Constable follies

Public officials request secrecy for one reason: to avoid embarrassment.

So when Southern Nevada’s most embarrassing elected official tried to keep the press out of a public proceeding, he obviously was trying to stay out of the news. It didn’t work.

Last week, a federal judge ordered Las Vegas Constable John Bonaventura to pay this newspaper’s parent company $400 to cover the legal costs of opening a hearing he wanted closed. The judge also unsealed a motion he wanted sealed.

Las Vegas Constable John Bonaventura would challenge the headline totals of New York’s Anthony Weiner and San Diego’s Bob Filner if his clown act played out in a more important office on a bigger media stage. Mr. Bonaventura is being sued by two former constables who claim he fired them for refusing to lie to county commissioners about a reality TV show he had pursued. The pilot about his band of misfits was so awful, it made “Here Comes Honey Boo Boo” look like “Breaking Bad.”

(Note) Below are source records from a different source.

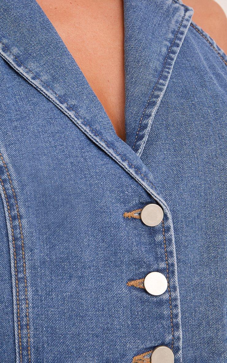 Button Front Waistcoat In Blue Denim
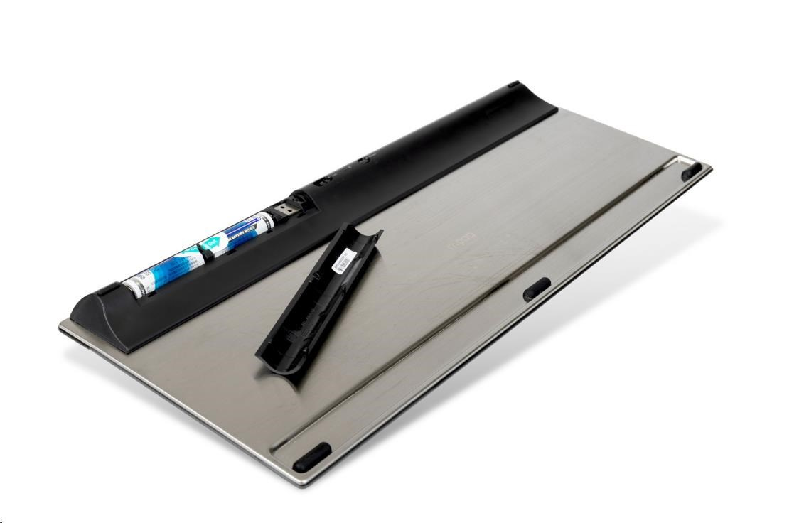 Táto pokročilá stolová súprava kombinuje prémiové funkcie a materiály so štýlovým ultratenkým 4 mm dizajnom klávesnice. Telo klávesnice je vyrobené z brúsenej nehrdzavejúcej ocele a hliníkovej zliatiny a je nielen robustné, ale zároveň dodáva eleganciu každému stolnému počítaču. Klávesnica je vybavená multimediálnymi klávesmi, ktoré umožňujú rýchly a jednoduchý prístup ku všetkým dôležitým multimediálnym funkciám.
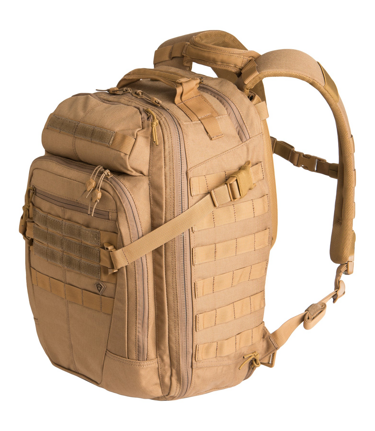 Dual density shoulder straps, double layered bottom, internal hook/loop mounting platform, and a fully functional hook/loop web platform compatible with MOLLE/PALS set this tactical backpack apart from others in strength, reliability, and comfort for the wearer. With ample space for essential gear, and featuring First Tacticals new Hook & Hang Thru System, the Specialist 1-Day is the ideal backpack for short, overnight missions.
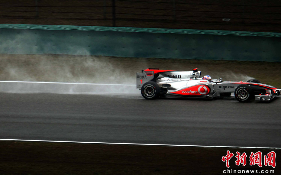 4月18日下午,2010國際汽聯(lián)F1世界錦標賽上海站在上海國際賽車場舉行正式比賽,邁凱輪車隊的英國車手巴頓在雨中獲得冠軍、隊友、英國車手漢密爾頓獲得亞軍,梅賽德斯GP車隊的德國車手羅斯伯格獲得季軍。圖為漢密爾頓。中新社記者 任晨鳴 攝
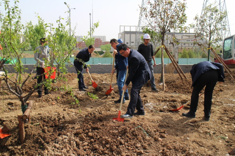 活动中,大家干劲十足,挥锹铲土、挖坑放苗、培土浇水等各个环节都精心对待,经过1个多小时的辛勤劳动,紫叶李、榆叶梅、石楠、海棠等60余颗树苗在济青高铁档案馆绿化区“安家落户”,为驻地建设增添了一抹新绿。
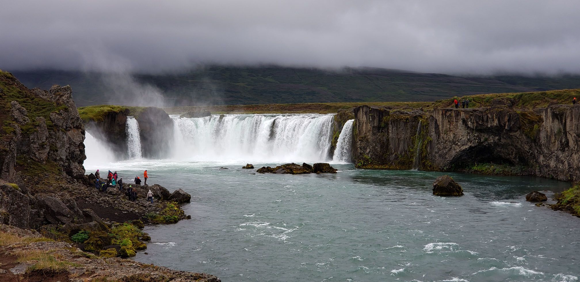 Our first stop was the powerful, semicircular Goðafoss waterfall, which carves a narrow gorge in local columnar basalts providing dramatic views of both the cascade and the downstream river itself. With a magma reservoir only two miles below the Earth’s surface, the Krafla hotspot shapes this landscape, creating hot springs, bubbling mudpots, steaming fumaroles, bold-colored sediments, and other volcanic structures. All tours walked among the lava pillars of Dimmuborgir, followed by a visit to the geothermal features. Those interested in a more vigorous hike also went to Hverfjall, a tephra crater more than 1km across that formed over 200 years of explosive eruptions.
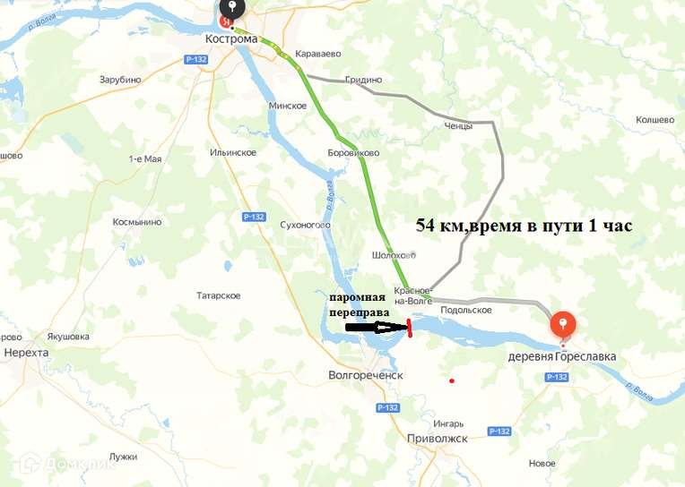 Участок граничит с деревней Гореславка от Костромы до посёлка 54 км. ведёт асфальтированная дорога по времени занимает 1 час езды . Отличное место для постройки базы отдыха.
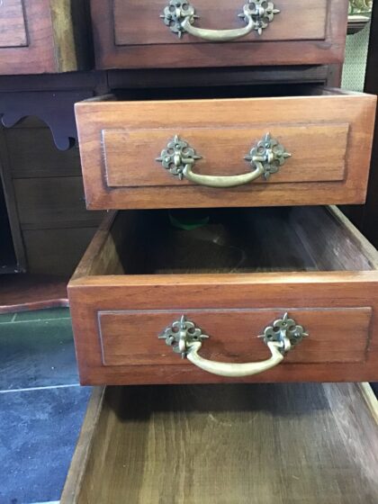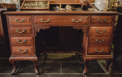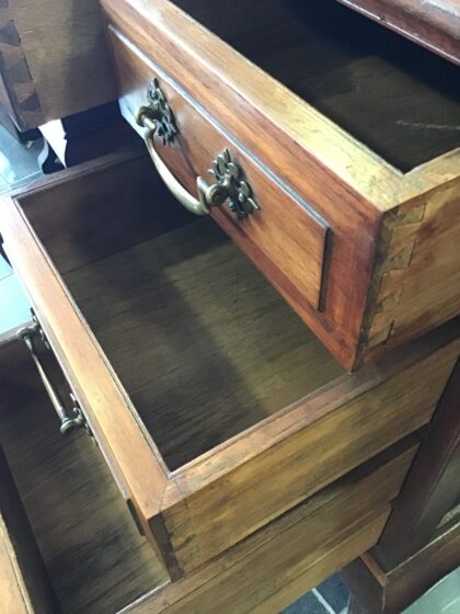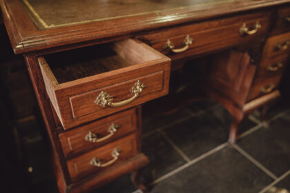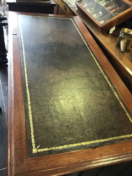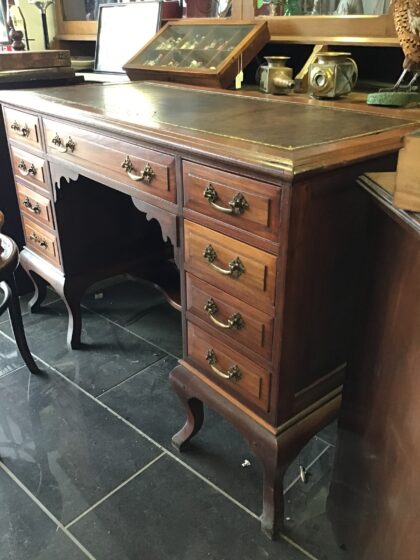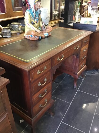 Mahogany desk with oak-lined drawers and a neat leather top surface.
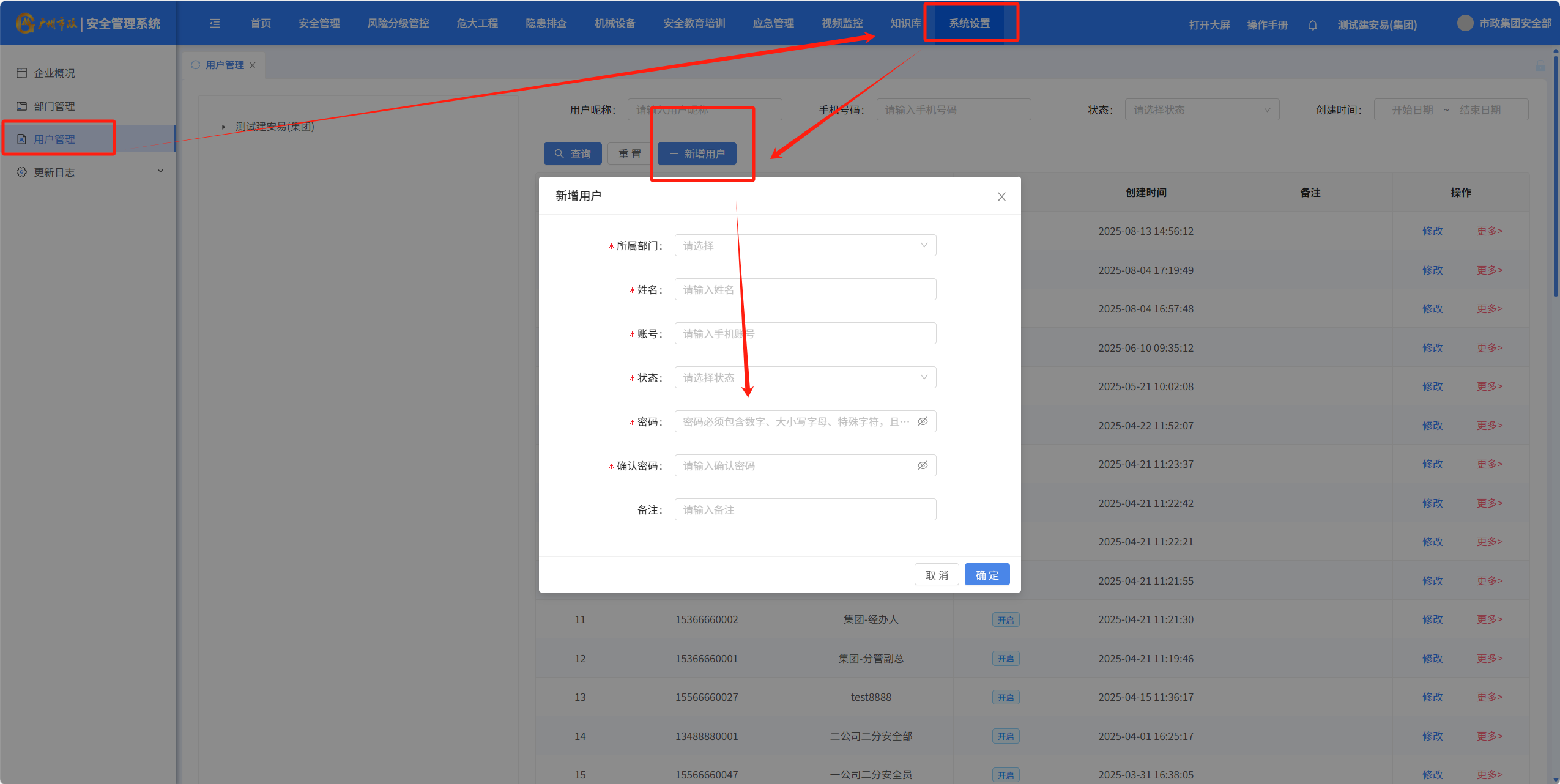集团层级、公司层级点击系统设置–用户管理–新增用户;输入相关信息添加用户账号
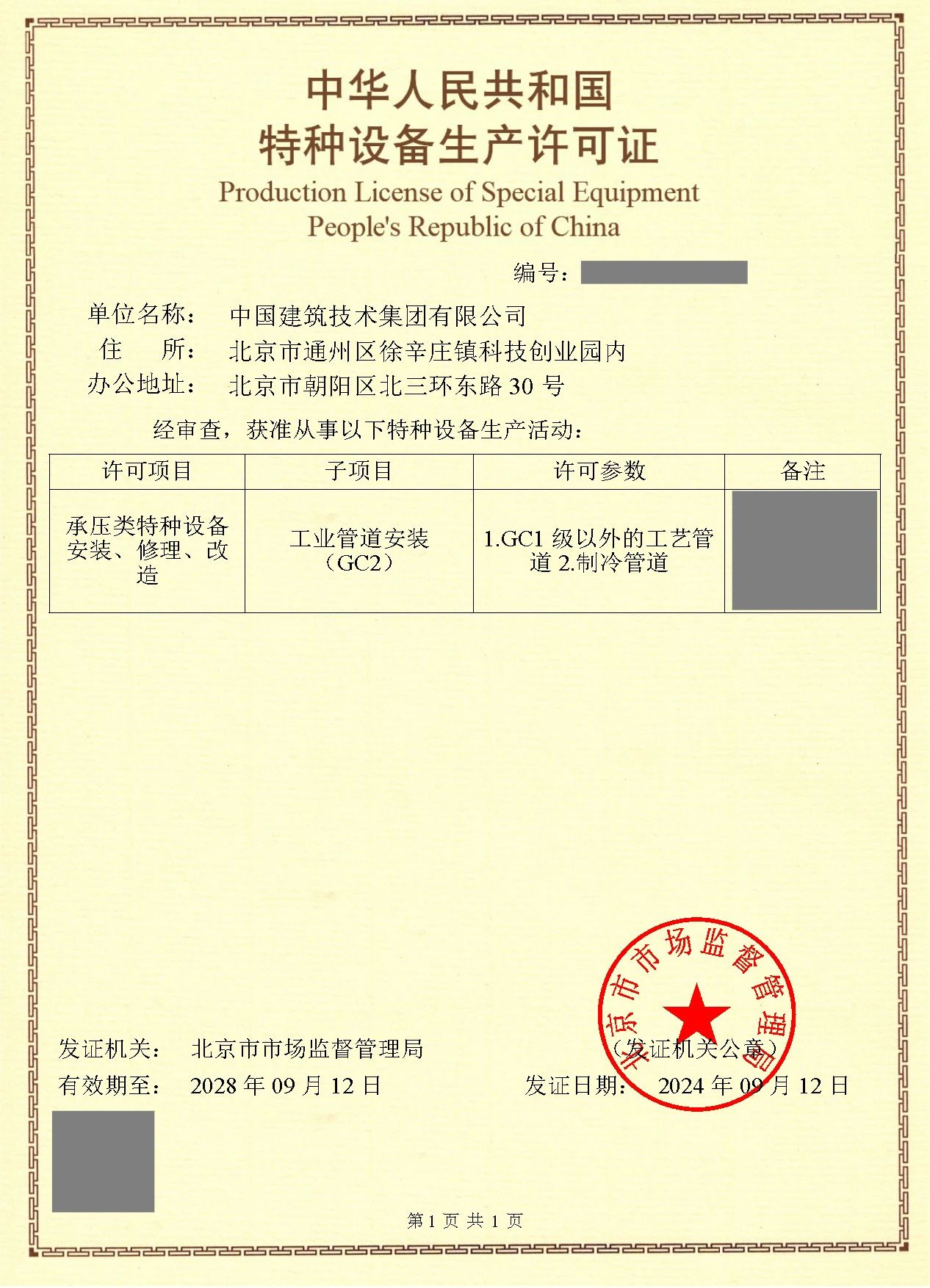 9月12日,经北京市市场监督管理局审核通过,9428cn太阳集团古天乐成功取得“特种设备(GC2级工业管道安装)生产许可证”。工业管道安装(GC2级)生产许可证主要适用于承压类特种设备的安装、修理和改造。
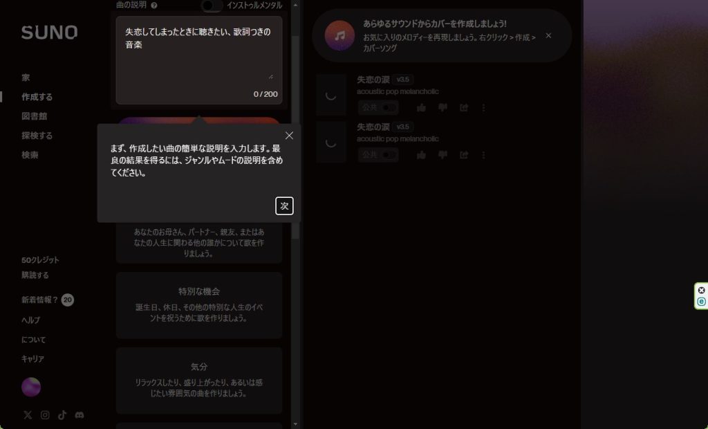 まず、作成したい曲の簡単な説明を入力します。最良の結果を得るには、ジャンルやムードの説明を含めてください。

The judge found Mr. Bonaventura and his attorney left a July 23 settlement conference without court permission, a fact they wanted changed in the minutes, and that they had received adequate notice of a July 30 hearing they didn’t attend. They also used cameras during the July 23 conference without the judge’s permission.

Pile this nonsense on top of sexual harassment allegations against Mr. Bonaventura, huge financial losses occurring under his leadership and other blunders, and it’s a wonder why he tried so hard to hide his latest legal woes. His public image is beyond repair.

Thanks to U.S. Magistrate Judge Cam Ferenbach for refusing to provide an elected official with a door to hide behind, and for ordering Mr. Bonaventura to pay restitution to Stephens Media with his personal funds, not public dollars.